Soma Swimsuit

September 2, 2016

Last summer, I struggled to find a supportive swimsuit that didn’t have multiple inches of bust padding. I wasted so much time in dressing rooms, looking at myself falling out of shrunken breast cups. Around this time, I came across Lladybird’s beautiful make of the Soma Swimsuit and was inspired to muster up the time and confidence to try my own version.

Version 1: Floral fabric from Etsy vendor BigFabricDeals

I was definitely intimidated by using swimsuit fabric, but it is truly no worse than sewing with knits. It’s a bit slippery and stretchy and requires the use of a zig zag stitch, but it is relatively stable compared to some rayons. My recommendation would be to cut out the pieces using a rotary cutter and make sewing indications with shallow notches.

Version 2: Stormy fabric from The Fabric Fairy

For both of the versions, I extended the top of the high waisted bikini by approximately 2 inches so that it fell on my natural waist. Since this pattern is a New Zealand pattern, seam allowances are in centimeters. In the floral swimsuit, I used 1/2 in seam allowances but found that they were too big. I was much happier with the 3/8 seam allowances in the storm swimsuit. Additionally, I changed elastic from a 1/2 in swimsuit elastic to a 1/4 in swimsuit elastic. This made it fit better, and the elastic roll over looks much nicer with thinner elastic.


In my first version, I fully followed the instructions and left the front bodice seams exposed around the triangle, finishing with a normal serged edge. After wearing it, I found that it bothered me that those seams were the only ones not enclosed. Why should they be out and about?! In my stormy swimsuit, I followed Lladybird’s recommendation to burrito the triangle like a yoke and enclose them. To do this, I attached the right side of the triangle together with right sides of the lining and patterned fabric together. To attach the left side of the triangle to the other bust cup, you have to roll/fold the bust cups within the middle of the triangle and move them out of the way of the seam line. Then, pin the right sides together again carefully stitch, ensuring not to catch the bust cups in the seam. The top of the triangle was a little fiddly and I had to unpick a few stitches and redo a small section, but I’m really happy with the end result and found it to be entirely worth it.

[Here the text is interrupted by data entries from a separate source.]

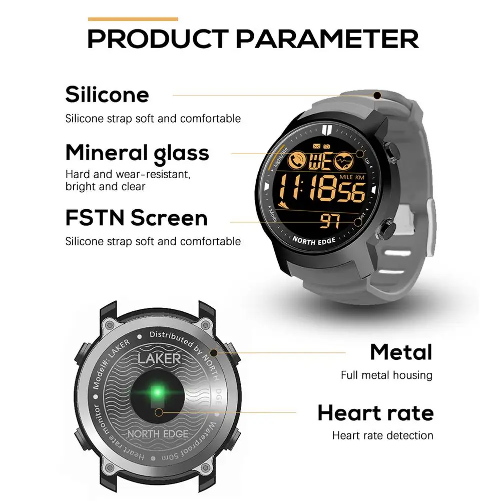 Смарт-часы NORTH EDGE LAKER мужские с пульсометром, умные часы для плавания и бега, спортивные умные часы с секундомером, водонепроницаемость 50 м
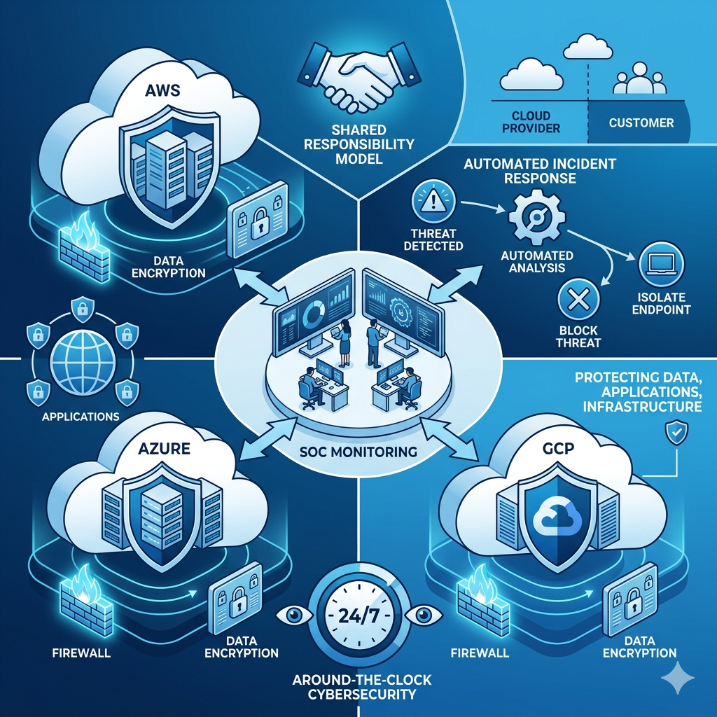 Cloud security encompasses a range of measures, technologies, and best practices designed to safeguard cloud-based infrastructure, applications, and data against unauthorized access, cyber threats, and data breaches. It is a shared responsibility: while cloud service providers secure the underlying infrastructure—servers, storage, and network—customers are responsible for protecting their applications, data, and user access.
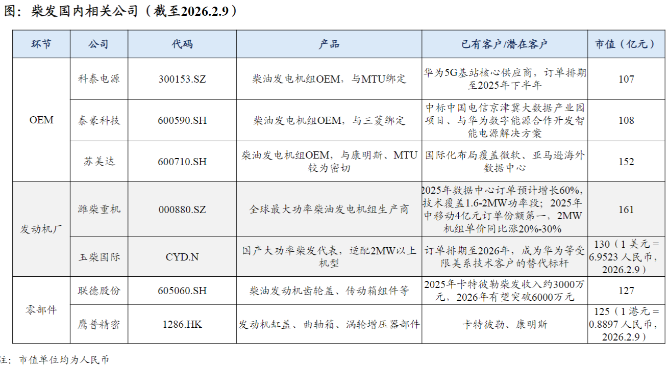 映射到A股的投资机会分为两个思路,一是从北美映射角度出发,选择国内柴发相关标的,如OEM商科泰电源、泰豪科技、苏美达,以及发动机厂潍柴重机、玉柴国际;二是选择卡特/康明斯的供应链,如联德股份、鹰普精密。
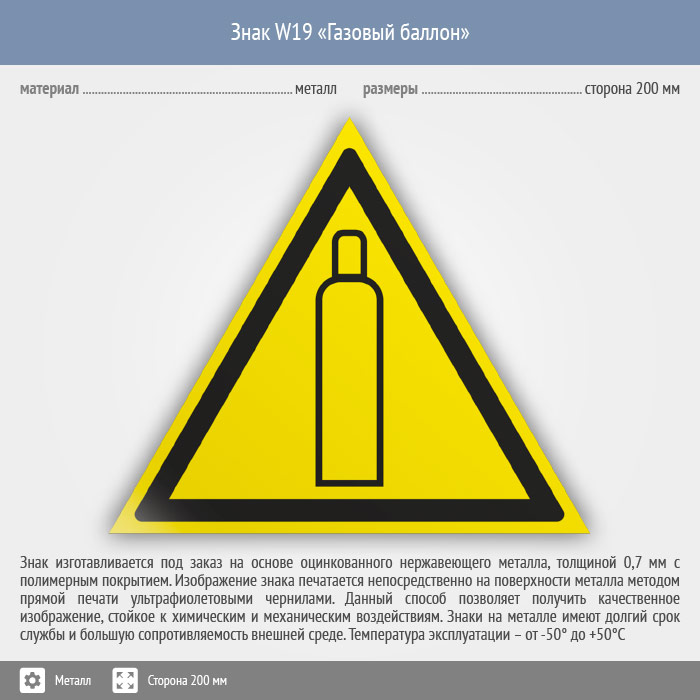 Знак W19 «Газовый баллон» (металл, сторона 200 мм) в Рыбинске купить

These swimsuits came together much more quickly than I had expected. Even though the bodice has many parts, they are relatively straight forward and the assembly order simplifies the process immensely. I truly enjoyed making these! And it feels so great to have a swimsuit that holds me up and makes me feel fully confident. I can see myself making more swimsuits in the future as the need arises.


Bonus photo of Rosie helping me take pictures, always such a helper.